:: Record excerpts
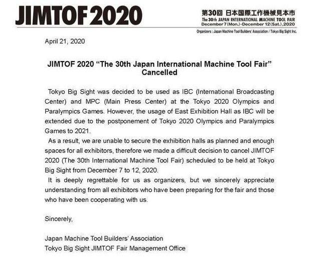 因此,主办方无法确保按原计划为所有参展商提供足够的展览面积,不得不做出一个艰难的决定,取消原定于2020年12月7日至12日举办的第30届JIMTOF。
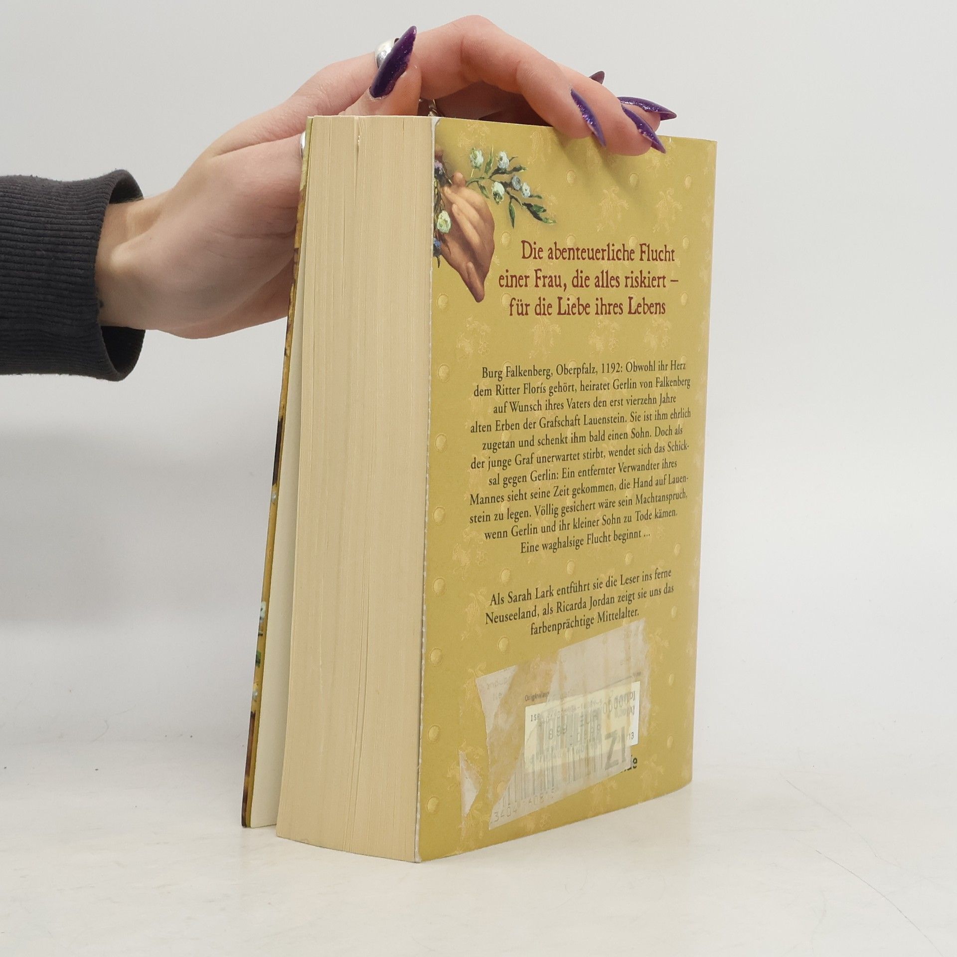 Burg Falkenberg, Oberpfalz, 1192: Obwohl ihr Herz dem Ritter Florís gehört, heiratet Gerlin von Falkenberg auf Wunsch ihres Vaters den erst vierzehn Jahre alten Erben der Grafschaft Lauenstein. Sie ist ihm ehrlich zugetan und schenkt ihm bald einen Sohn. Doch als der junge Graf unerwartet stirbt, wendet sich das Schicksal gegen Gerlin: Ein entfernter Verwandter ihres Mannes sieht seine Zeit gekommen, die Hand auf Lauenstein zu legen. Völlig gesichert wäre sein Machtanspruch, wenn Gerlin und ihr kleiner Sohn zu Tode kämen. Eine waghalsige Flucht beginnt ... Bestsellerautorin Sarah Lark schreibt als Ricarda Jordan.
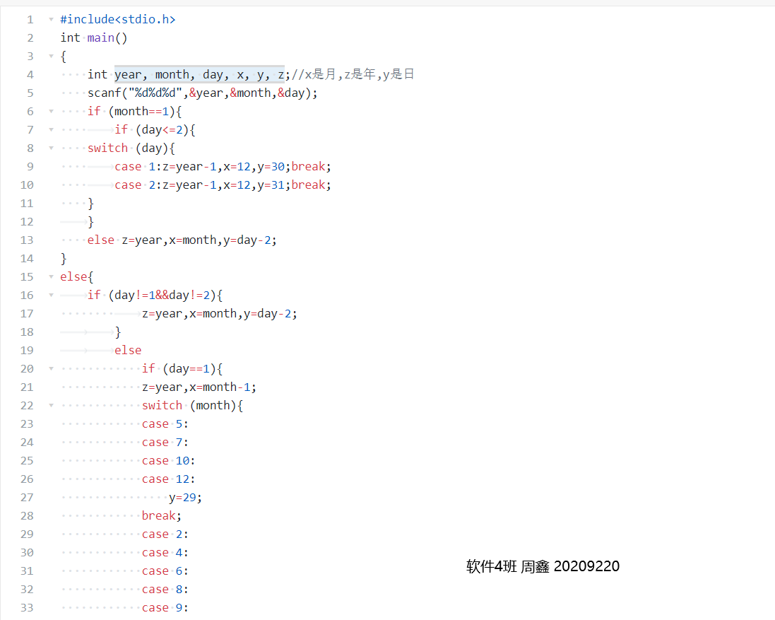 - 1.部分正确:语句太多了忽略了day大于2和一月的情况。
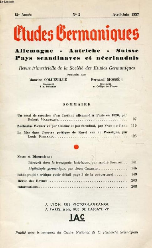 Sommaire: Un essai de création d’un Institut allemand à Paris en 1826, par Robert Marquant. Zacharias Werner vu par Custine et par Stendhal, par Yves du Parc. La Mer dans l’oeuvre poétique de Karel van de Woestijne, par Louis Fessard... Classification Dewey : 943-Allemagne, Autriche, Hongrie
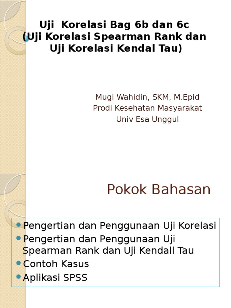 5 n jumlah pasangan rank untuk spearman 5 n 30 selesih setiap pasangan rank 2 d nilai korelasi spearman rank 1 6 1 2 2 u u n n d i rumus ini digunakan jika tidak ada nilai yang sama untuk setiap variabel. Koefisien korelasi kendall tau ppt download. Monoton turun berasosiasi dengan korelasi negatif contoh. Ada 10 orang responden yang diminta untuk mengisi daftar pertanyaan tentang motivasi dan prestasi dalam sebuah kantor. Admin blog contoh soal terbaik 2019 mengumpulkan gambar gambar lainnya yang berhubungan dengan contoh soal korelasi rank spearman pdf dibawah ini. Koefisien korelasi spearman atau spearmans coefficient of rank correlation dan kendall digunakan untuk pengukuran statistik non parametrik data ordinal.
::::
Exercise: Look above for the line with "Burg Falkenberg, Oberpfalz, 1192: Obwohl", then give again exactly every line from there through the line with "- 1.部分正确:语句太多了忽略了day大于2和一月的情况。", skipping the pictures.

Output below:
 Burg Falkenberg, Oberpfalz, 1192: Obwohl ihr Herz dem Ritter Florís gehört, heiratet Gerlin von Falkenberg auf Wunsch ihres Vaters den erst vierzehn Jahre alten Erben der Grafschaft Lauenstein. Sie ist ihm ehrlich zugetan und schenkt ihm bald einen Sohn. Doch als der junge Graf unerwartet stirbt, wendet sich das Schicksal gegen Gerlin: Ein entfernter Verwandter ihres Mannes sieht seine Zeit gekommen, die Hand auf Lauenstein zu legen. Völlig gesichert wäre sein Machtanspruch, wenn Gerlin und ihr kleiner Sohn zu Tode kämen. Eine waghalsige Flucht beginnt ... Bestsellerautorin Sarah Lark schreibt als Ricarda Jordan.
 - 1.部分正确:语句太多了忽略了day大于2和一月的情况。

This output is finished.